Namdeb, De Beers' mining joint venture with the government of Namibia, says it has so far missed production targets this year due to problems associated with the slow commissioning of its rehabilitated Elizabeth Bay mine, reports the Namibia Economist.
Year to date, Namdeb has produced 198,000 carats, 30 percent less than the budgeted 283,000 carats, according to General Manager Riaan Burger, who spoke to journalists during a media visit at the mine last week. According to Burger, despite the slow start to the year, the company is still on track to meet its year-end profitability, as Elizabeth Bay is now producing well. In addition, cites the news source, revenue per carat has jumped 34 percent to US$611 from the budgeted U$456.
Namdeb reportedly injected around US$8.4 million (N$70 million) for the rehabilitation of the Elizabeth Bay mine, located south of Luderitz, after shutting it down in 2009 due to profitability problems. With the re-commissioned mine, Namdeb now expects to produce around 300,000 carats there alone out of just under 600,000 carats expected from all land-based operations, according to the Namibia Economist.

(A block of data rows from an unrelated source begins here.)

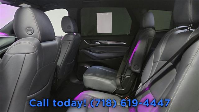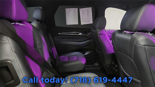 Navigation System, Preferred Equipment Group 1SN, 10 Speakers, AM/FM radio: SiriusXM with 360L, Bose Performance-Enhanced 10-Speaker System, Premium audio system: Buick Infotainment System, Radio data system, Radio: Buick Infotainment Sys AM/FM Stereo w/Nav, SiriusXM w/360L, Air Conditioning, Automatic temperature control, Front dual zone A/C, Rear air conditioning, Rear window defroster, 6-Way Power Front Passenger Seat Adjuster, 8-Way Power Driver Seat Adjuster, Heads-Up Display, Memory seat, Power driver seat, Power steering, Power windows, Remote keyless entry, Steering wheel memory, Steering wheel mounted audio controls, Four wheel independent suspension, Speed-sensing steering, Traction control, 4-Wheel Disc Brakes, ABS brakes, Dual front impact airbags, Dual front side impact airbags, Emergency communication system: OnStar and Buick connected services capable, Front anti-roll bar, Low tire pressure warning, Occupant sensing airbag, Overhead airbag, Rear anti-roll bar, Power Liftgate, Brake assist, Electronic Stability Control, Exterior Parking Camera Rear, Auto High-beam Headlights, Delay-off headlights, Fully automatic headlights, Panic alarm, Security system, Speed control, Auto-dimming door mirrors, Bumpers: body-color, Heated door mirrors, Power door mirrors, Roof rack: rails only, Spoiler, Turn signal indicator mirrors, Auto-dimming Rear-View mirror, Compass, Driver door bin, Driver vanity mirror, Front reading lights, Garage door transmitter, Heated steering wheel, Illuminated entry, Leather steering wheel, Outside temperature display, Overhead console, Passenger vanity mirror, Rear reading lights, Tachometer, Telescoping steering wheel, Tilt steering wheel, Trip computer, Vehicle Health Management, Voltmeter, Wireless Apple CarPlay/Wireless Android Auto, 3rd row seats: split-bench, 7-Passenger Seating, Driver 4-Way Power Lumbar Seat Adjuster, Front Bucket Seats, Front Center Armrest, Front Passenger 4-Way Power Lumbar Seat Adjuster, Heated Driver & Front Passenger Seats, Heated front seats, Heated rear seats, Perforated Leather-Appointed Seat Trim, Power passenger seat, Ventilated Driver & Front Passenger Seats, Ventilated front seats, Passenger door bin, 18" Aluminum Wheels, Alloy wheels, Rear window wiper, Variably intermittent wipers, 3.49 Final Drive Axle Ratio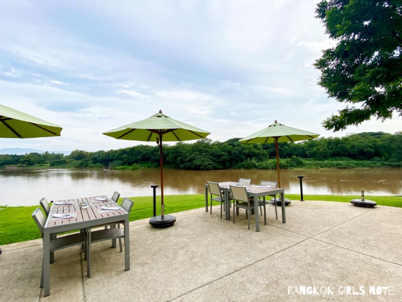 外側のテラス席もあります。川の風景を見ながらの朝食は格別のものがありますね。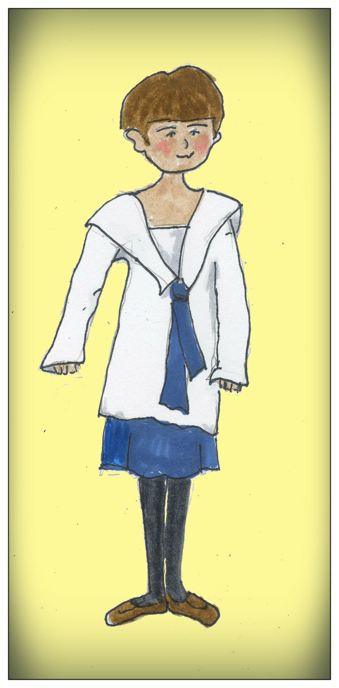 So my mother made some creative changes.  She had me put the jumper on first, and over it, my sister’s blouse with the sailor collar.  Too big for me, the blouse hung long over my jumper.  That’s a middy blouse, my mother explained.  Then she gave me black tights (my sister’s – I wasn’t allowed to wear black) and my Sunday shoes.  Now you look like a proper Orphan, said my mother.

Namdeb is also battling to contain high operating costs, which Burger said remains a challenge to profitability and meeting long-term objectives. So far, costs have averaged US$15.2 (N$126) per tonne against a budgeted US$12.9 (N$107).
Meanwhile, Namdeb says it is looking at innovative ways to continue mining its low-grade resource at Daberas to extend the life of mine beyond 2014. Daberas has been operating since 2001.
The diamond producer is reportedly looking at new technology being developed that will allow mining operations to continue at Daberas, probably extending the life of mine until 2020 when the current mining license expires. The new technology is said to entail lower costs, innovative techniques and enable higher throughput rates, according to the news report.
Namdeb treats 2.8 million tonnes of ore per year at Daberas mine, recovering between 35,000 and 50,000 carats. For every 100 tonnes treated, anything between 0.5 and 1 carat is recovered, reports the news source, which adds that although the resource is considered low grade, diamonds produced at the mine located near the Orange River mouth, are of high value.